2. Description of the Prior Art
GPS based navigation devices are well known and are widely employed as in-car navigation devices. Reference may be made to the Navigator series software from the present assignee, TomTom B. V. This is software that, when running on a PDA (such as a Compaq iPaq) connected to an external GPS receiver, enables a user to input to the PDA a start and destination address. The software then calculates the best route between the two end-points and displays instructions on how to navigate that route. By using the positional information derived from the GPS receiver, the software can determine at regular intervals the position of the PDA (typically mounted on the dashboard of a vehicle) and can display the current position of the vehicle on a map and display (and speak) appropriate navigation instructions (e.g. ‘turn left in 100 m’). Graphics depicting the actions to be accomplished (e.g. a left arrow indicating a left turn ahead) can be displayed in a status bar and also be superimposed over the applicable junctions/turnings etc in the roads shown in the map itself. Reference may also be made to devices that integrate a GPS receiver into a computing device programmed with a map database and that can generate navigation instructions on a display. These integrated devices are often mounted on or in the dashboard of a vehicle. The term ‘navigation device’ refers to a device that enables a user to navigate to a pre-defined destination. The device may have an internal system for receiving location data, such as a GPS receiver, or may merely be connectable to a receiver that can receive location data.
The device is a portable device and hence has to be securely mounted onto a dock that is itself firmly attached to the dashboard or windscreen, usually with a suction cup.
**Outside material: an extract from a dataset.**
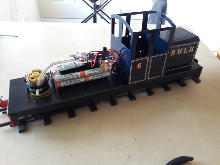 With the body parts painted and back in the workshop, it was finally time to assemble the loco, but not before I fitted the RC equipment. This was supplied by RC Trains and uses the Deltang system. I was really impressed with the small size of the receiver, and I really must find out how to add a sound card and lights. It took about half an hour to wire up the circuit, and while the installation isn’t the neatest job ever, it works very well.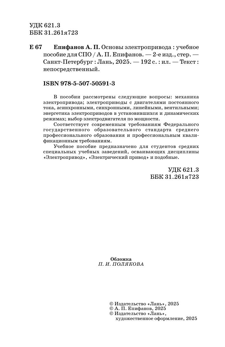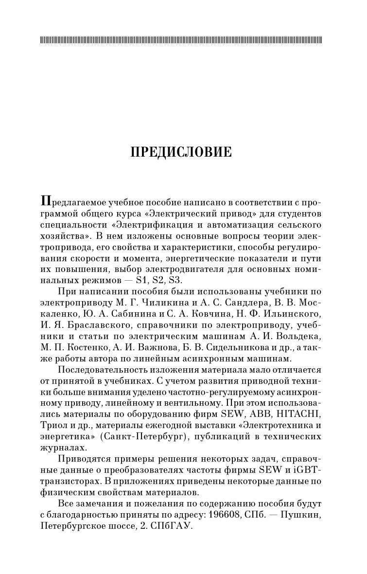 В пособии рассмотрены следующие вопросы: механика электропривода, электроприводы с двигателями постоянного тока, асинхронными, синхронными, линейными, вентильными, энергетика электроприводов в установившихся и динамических режимах, выбор электродвигателя по мощности. Соответствует современным требованиям Федерального государственного образовательного стандарта среднего профессионального образования и профессиональным квалификационным требованиям. Учебное пособие предназначено для студентов средних специаль-ных учебных заведений, осваивающих дисциплины «Электропривод», «Электрический привод» и подобные.

The device is connected to an external aerial to pick up GPS signals (the term GPS covers not only US Navstar but other similar GNSS—Global Navigation Satellite System- systems such as Galileo). The RF signals from the external aerial (mounted on the roof or on the dashboard but with better external visibility, i.e. line of sight to GPS satellites) are routed along a co-axial cable that has to be plugged directly into the navigation device. This means that, to use an external aerial, a user has to first dock the device and then connect the RF cable to the device. This can be inconvenient.
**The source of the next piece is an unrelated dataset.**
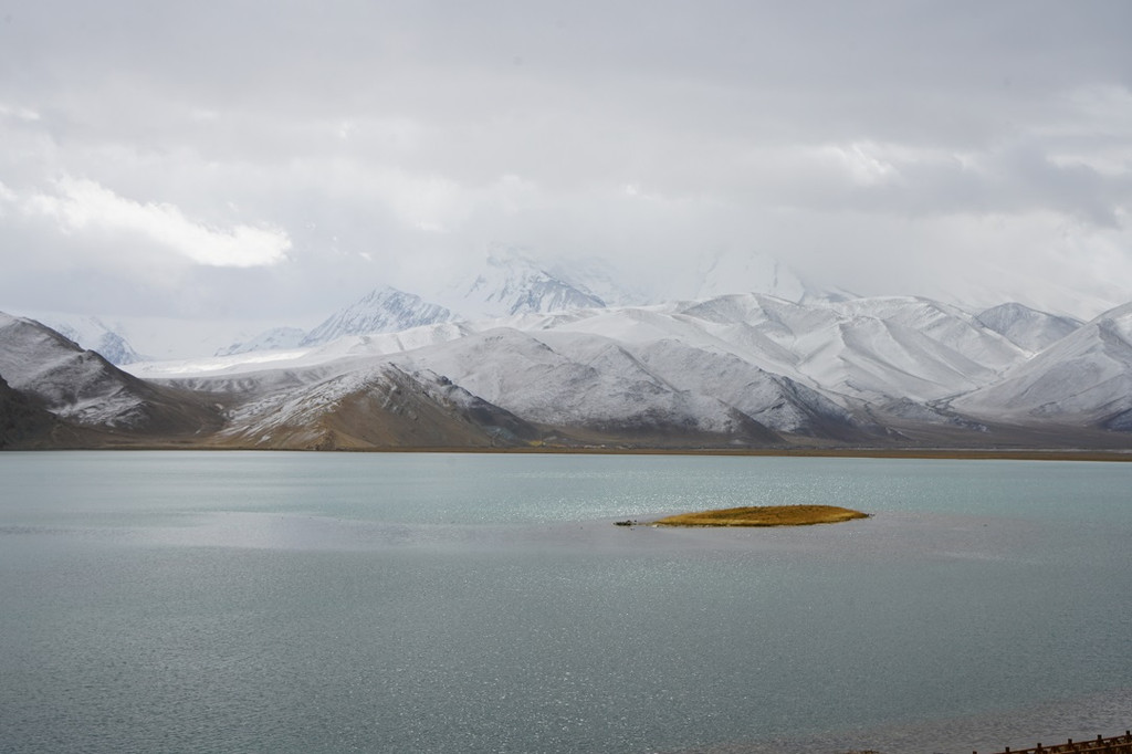 卡拉库里湖位于慕士塔格峰的山脚下,中巴公路从湖畔经过,水面映衬着巍峨又神秘的慕士塔格峰。

Outside of the field of GPS navigation systems, it is known to connect a mobile telephone to a dock mounted on a car dashboard and for that dock to automatically connect the mobile telephone to an external aerial. Mobile telephones are of course used by ordinary individuals with no specialist training; because of this, it is very important that all aspects of the use of a mobile telephone are kept as simple as possible. Hence, it comes as no surprise that docks that automatically connect a mobile telephone to an external aerial are known. But for GPS navigation systems, simplicity of installation and use have not been seen as significant design considerations. Hence, despite the use of GPS navigation systems for personal and in-car use for very many years, to date all such systems have, when docked, needed the user to make a separate manual connection between electrical leads if an external aerial is to be used. This is the natural design choice for GPS navigation systems designed for users that are familiar and comfortable with electronic devices—the market niche that GOPS navigation systems have occupied for the last 10 years.
In a first aspect, there is a GPS navigation system comprising a dock in combination with a portable GPS navigation device, in which the device is programmable with map data and a navigation application that enables a route to be planned between two user-defined places, wherein the dock comprises a RF connector designed to automatically interface with a RF connector in the device in order to feed RF signals from an external aerial to the device when the device is correctly mounted on the dock.
As noted earlier, RF signals from an external aerial are conventionally routed along a co-axial cable that is plugged directly into the navigation device. This means that a user has to first dock the device and then hook up the RF cable. This can be inconvenient. But with the present invention, a user merely has to dock the navigation device onto the platform for an automatic connection to any external aerial connected to the dock to be made. There is no need to laboriously plug in a RF cable directly into the navigation device. Although superficially a small step, and one known from other fields such as mobile telephone docking systems, the realisation that the mobile telephone design approach of extreme simplicity of installation is also applicable to GPS navigation system design runs counter to the established design bias in this field. Yet it is precisely this kind of thinking that is fundamental to turning the GPS navigation system from a technophile's device to one with very widespread appeal.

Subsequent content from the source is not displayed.